[TASK GOAL]: Pictures appear among the records below and must be omitted. Repeat exactly the lines from the line with "这套九五保留了几个关键羁绊:2姐妹、2执" to the line with "胡文静介绍了就业形势,鼓励同", both included.

═════ EXTRACTED RECORDS ═════

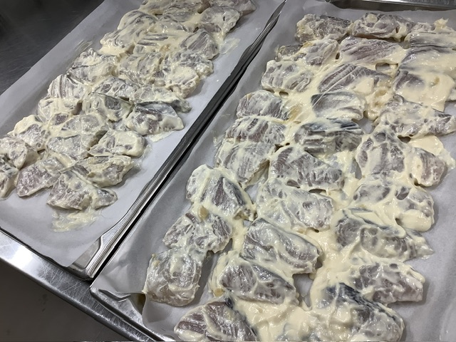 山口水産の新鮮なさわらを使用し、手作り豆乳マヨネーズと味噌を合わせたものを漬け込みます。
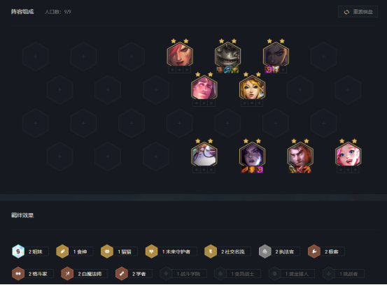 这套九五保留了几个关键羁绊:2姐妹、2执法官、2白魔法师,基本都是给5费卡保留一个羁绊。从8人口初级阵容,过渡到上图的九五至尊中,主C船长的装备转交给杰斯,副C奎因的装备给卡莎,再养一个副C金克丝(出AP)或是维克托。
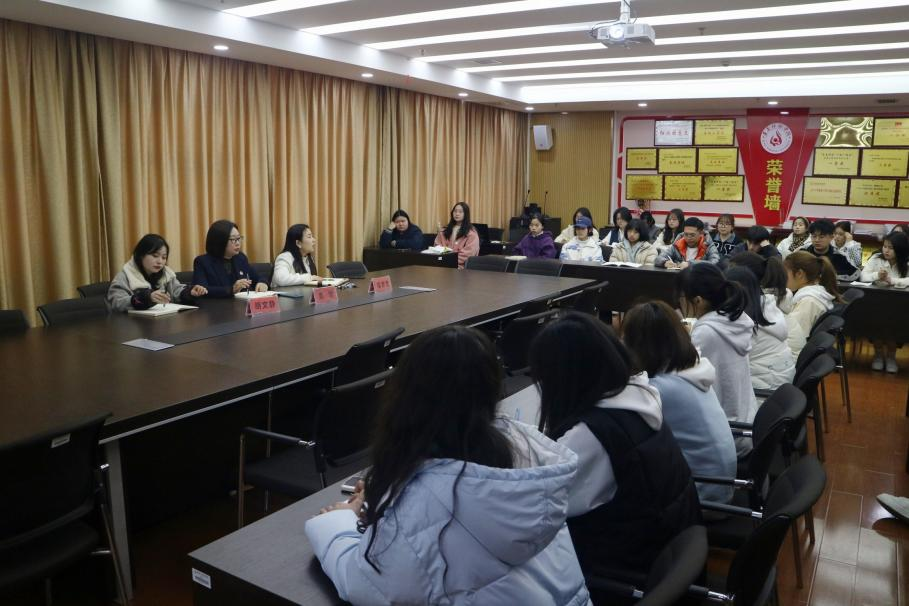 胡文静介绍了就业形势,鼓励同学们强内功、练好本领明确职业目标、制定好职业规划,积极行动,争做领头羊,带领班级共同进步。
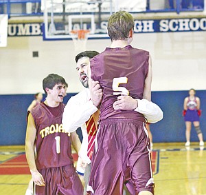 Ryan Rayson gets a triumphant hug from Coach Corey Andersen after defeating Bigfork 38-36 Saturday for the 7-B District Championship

═════
═════ EXTRACTED RECORDS ═════

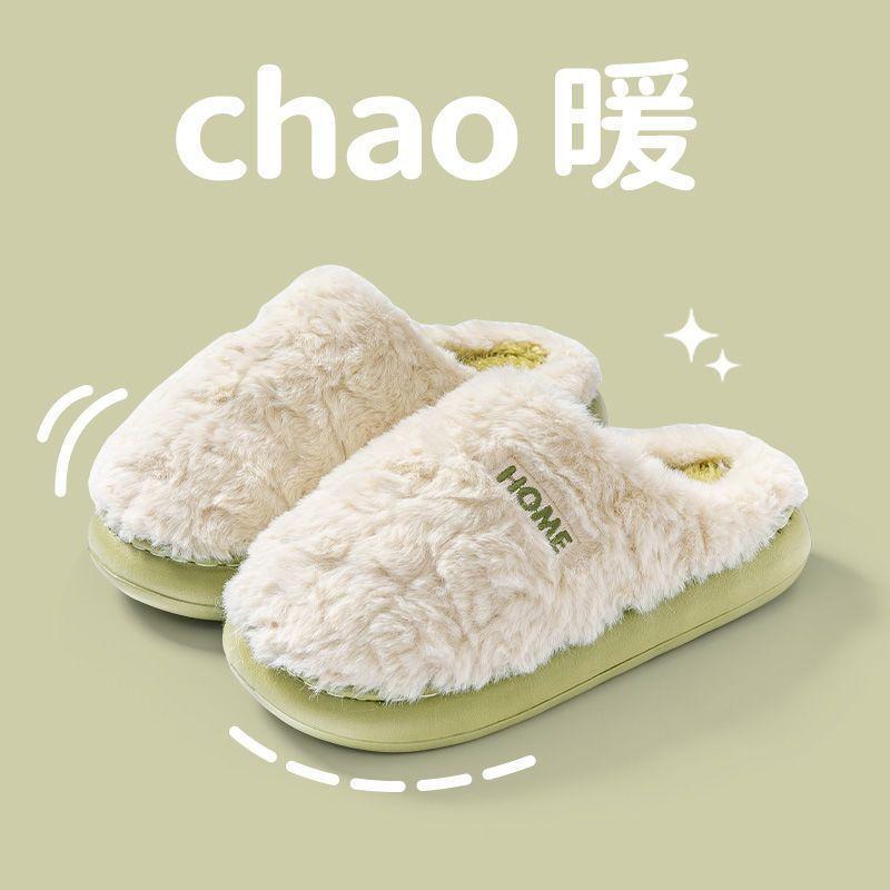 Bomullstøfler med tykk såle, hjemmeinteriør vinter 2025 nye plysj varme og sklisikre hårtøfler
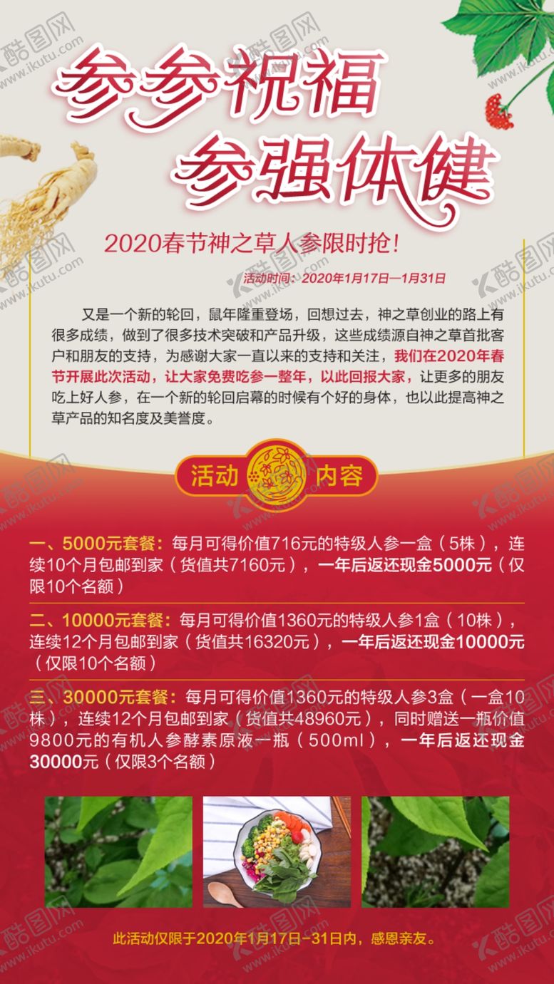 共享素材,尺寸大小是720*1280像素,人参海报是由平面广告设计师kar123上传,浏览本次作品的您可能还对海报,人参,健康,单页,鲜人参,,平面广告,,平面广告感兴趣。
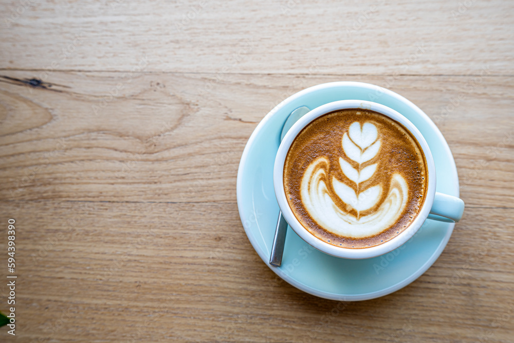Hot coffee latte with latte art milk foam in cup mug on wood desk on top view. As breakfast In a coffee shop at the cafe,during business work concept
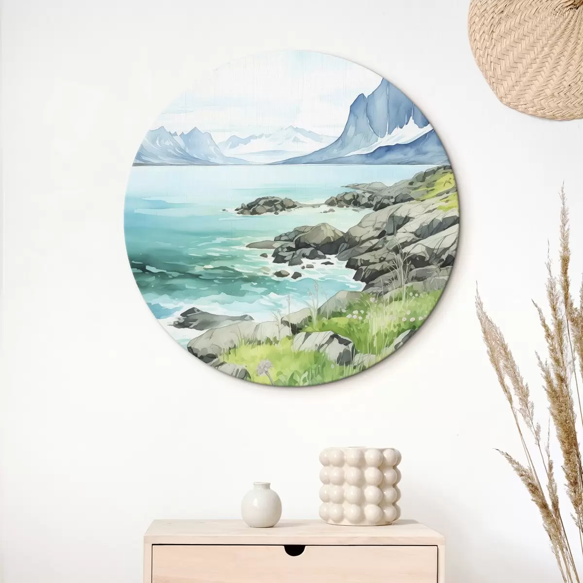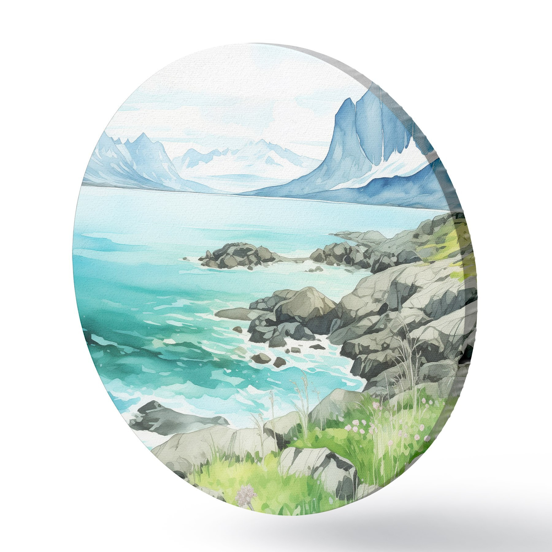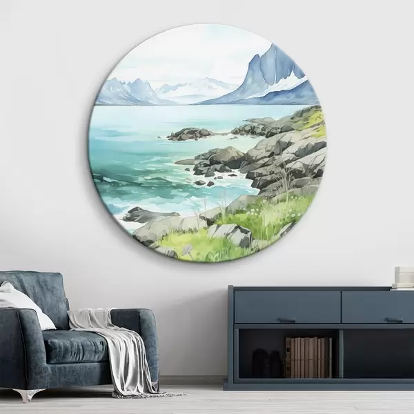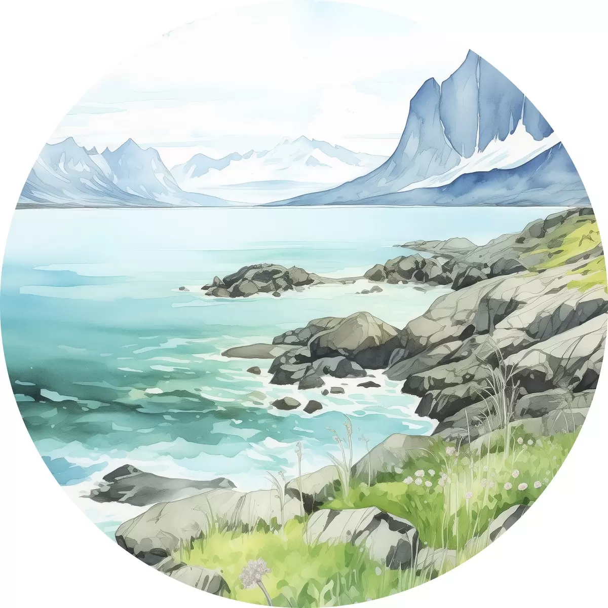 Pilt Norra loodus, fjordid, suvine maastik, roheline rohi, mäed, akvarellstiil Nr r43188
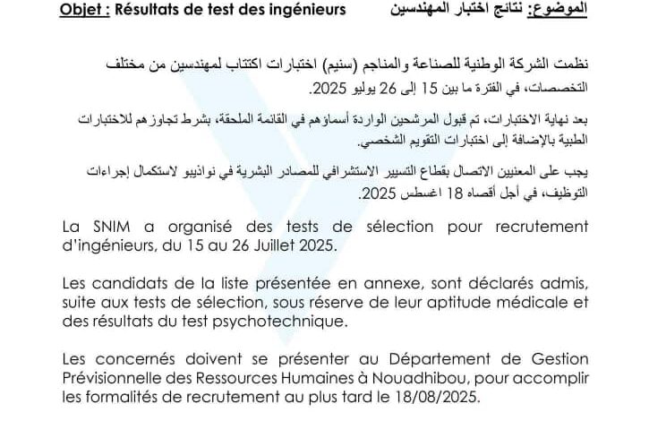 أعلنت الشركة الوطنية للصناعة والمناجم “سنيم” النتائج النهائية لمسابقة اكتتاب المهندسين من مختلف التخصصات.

═════
═════ EXTRACTED RECORDS ═════

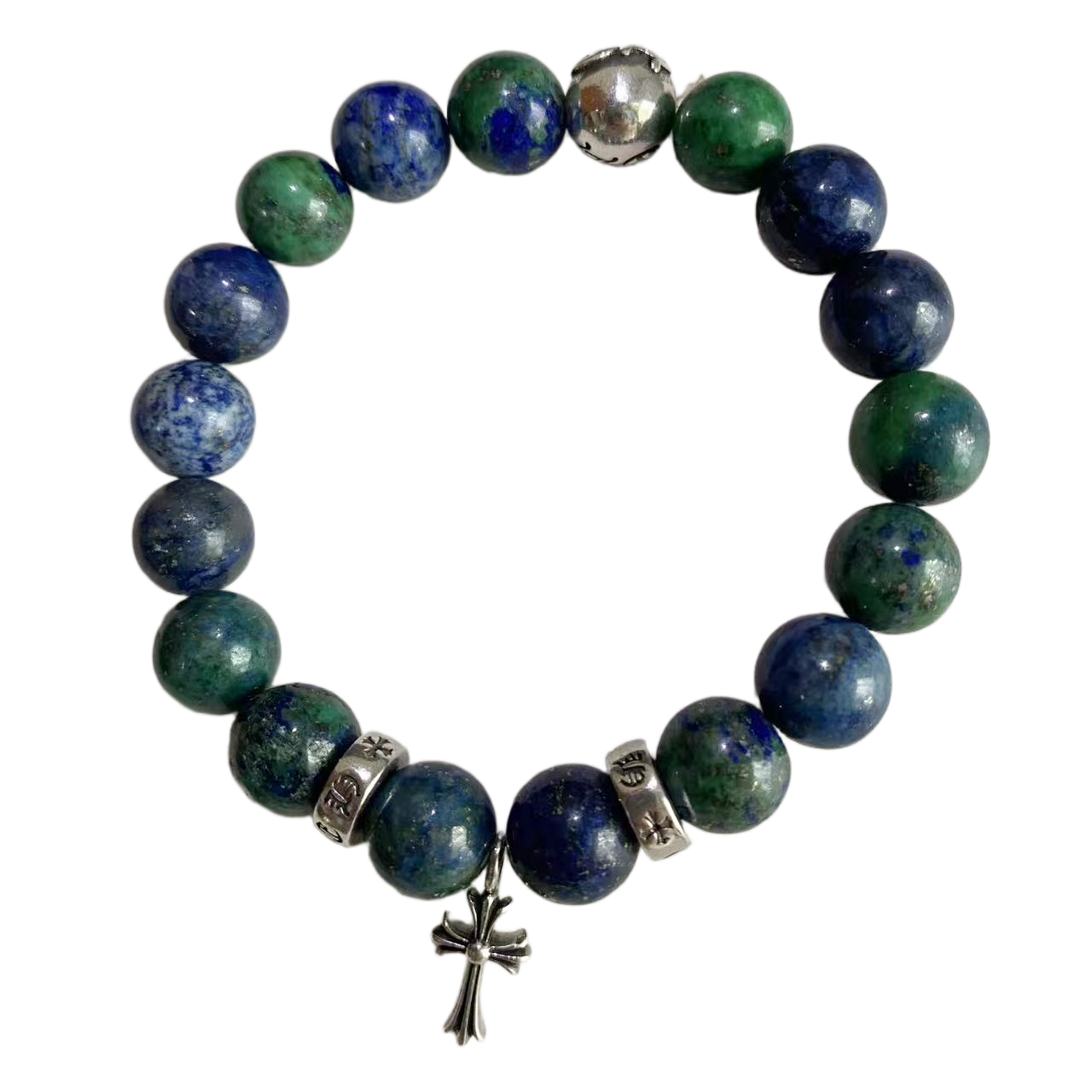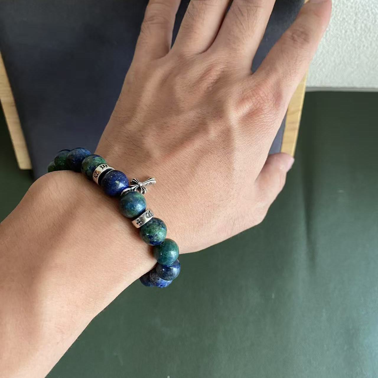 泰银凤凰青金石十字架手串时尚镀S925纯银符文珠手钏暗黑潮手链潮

═════

[EXERCISE RESULT]:
 这套九五保留了几个关键羁绊:2姐妹、2执法官、2白魔法师,基本都是给5费卡保留一个羁绊。从8人口初级阵容,过渡到上图的九五至尊中,主C船长的装备转交给杰斯,副C奎因的装备给卡莎,再养一个副C金克丝(出AP)或是维克托。
 胡文静介绍了就业形势,鼓励同学们强内功、练好本领明确职业目标、制定好职业规划,积极行动,争做领头羊,带领班级共同进步。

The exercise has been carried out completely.